## Directions for this task
Print out each entry without alteration, and keep the pictures out.
*** Extracted records Section Begins ***
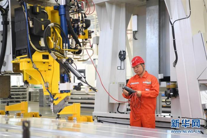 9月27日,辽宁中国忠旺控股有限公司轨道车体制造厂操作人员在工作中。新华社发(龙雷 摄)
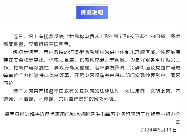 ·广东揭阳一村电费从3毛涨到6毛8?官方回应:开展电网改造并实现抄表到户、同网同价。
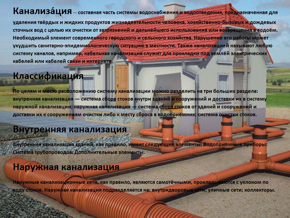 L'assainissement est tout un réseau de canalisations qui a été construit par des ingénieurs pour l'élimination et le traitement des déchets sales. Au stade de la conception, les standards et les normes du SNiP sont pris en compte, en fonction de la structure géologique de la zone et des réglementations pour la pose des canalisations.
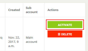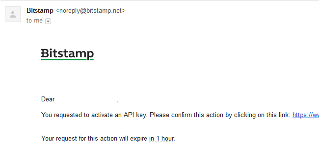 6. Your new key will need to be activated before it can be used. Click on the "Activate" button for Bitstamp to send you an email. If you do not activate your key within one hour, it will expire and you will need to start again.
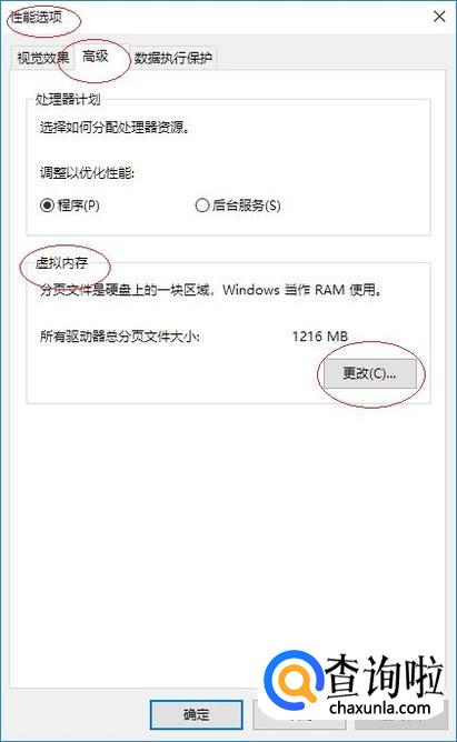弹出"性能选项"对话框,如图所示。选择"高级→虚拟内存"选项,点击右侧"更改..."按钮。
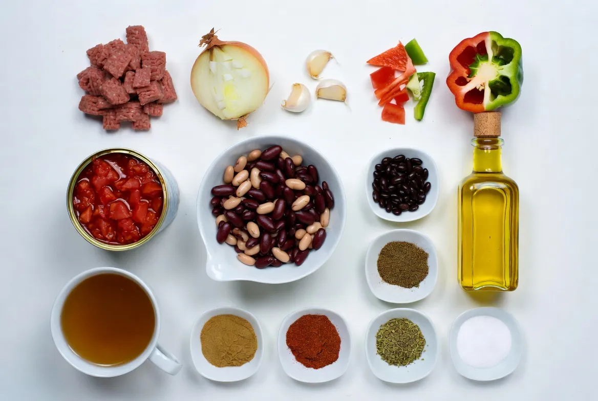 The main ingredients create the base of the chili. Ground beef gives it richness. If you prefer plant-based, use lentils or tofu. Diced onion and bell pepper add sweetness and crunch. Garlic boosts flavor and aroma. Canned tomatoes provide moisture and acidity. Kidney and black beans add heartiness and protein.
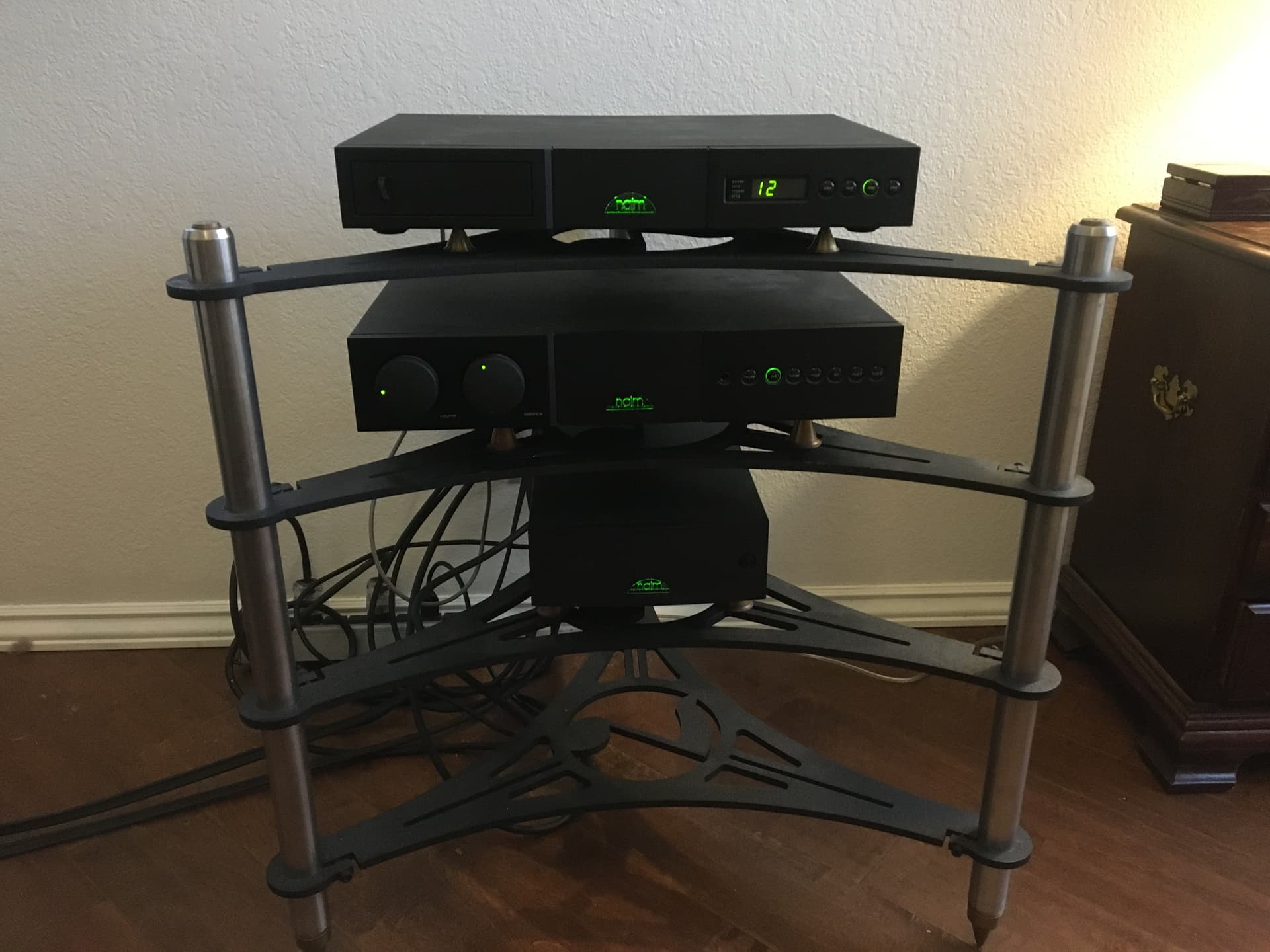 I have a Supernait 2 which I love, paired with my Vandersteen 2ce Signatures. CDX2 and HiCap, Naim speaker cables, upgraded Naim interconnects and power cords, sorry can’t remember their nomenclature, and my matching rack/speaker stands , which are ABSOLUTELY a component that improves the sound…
*** Extracted records Section Ends ***
## Answer for this exercise
 9月27日,辽宁中国忠旺控股有限公司轨道车体制造厂操作人员在工作中。新华社发(龙雷 摄)
 ·广东揭阳一村电费从3毛涨到6毛8?官方回应:开展电网改造并实现抄表到户、同网同价。
 L'assainissement est tout un réseau de canalisations qui a été construit par des ingénieurs pour l'élimination et le traitement des déchets sales. Au stade de la conception, les standards et les normes du SNiP sont pris en compte, en fonction de la structure géologique de la zone et des réglementations pour la pose des canalisations.
 6. Your new key will need to be activated before it can be used. Click on the "Activate" button for Bitstamp to send you an email. If you do not activate your key within one hour, it will expire and you will need to start again.
弹出"性能选项"对话框,如图所示。选择"高级→虚拟内存"选项,点击右侧"更改..."按钮。
 The main ingredients create the base of the chili. Ground beef gives it richness. If you prefer plant-based, use lentils or tofu. Diced onion and bell pepper add sweetness and crunch. Garlic boosts flavor and aroma. Canned tomatoes provide moisture and acidity. Kidney and black beans add heartiness and protein.
 I have a Supernait 2 which I love, paired with my Vandersteen 2ce Signatures. CDX2 and HiCap, Naim speaker cables, upgraded Naim interconnects and power cords, sorry can’t remember their nomenclature, and my matching rack/speaker stands , which are ABSOLUTELY a component that improves the sound…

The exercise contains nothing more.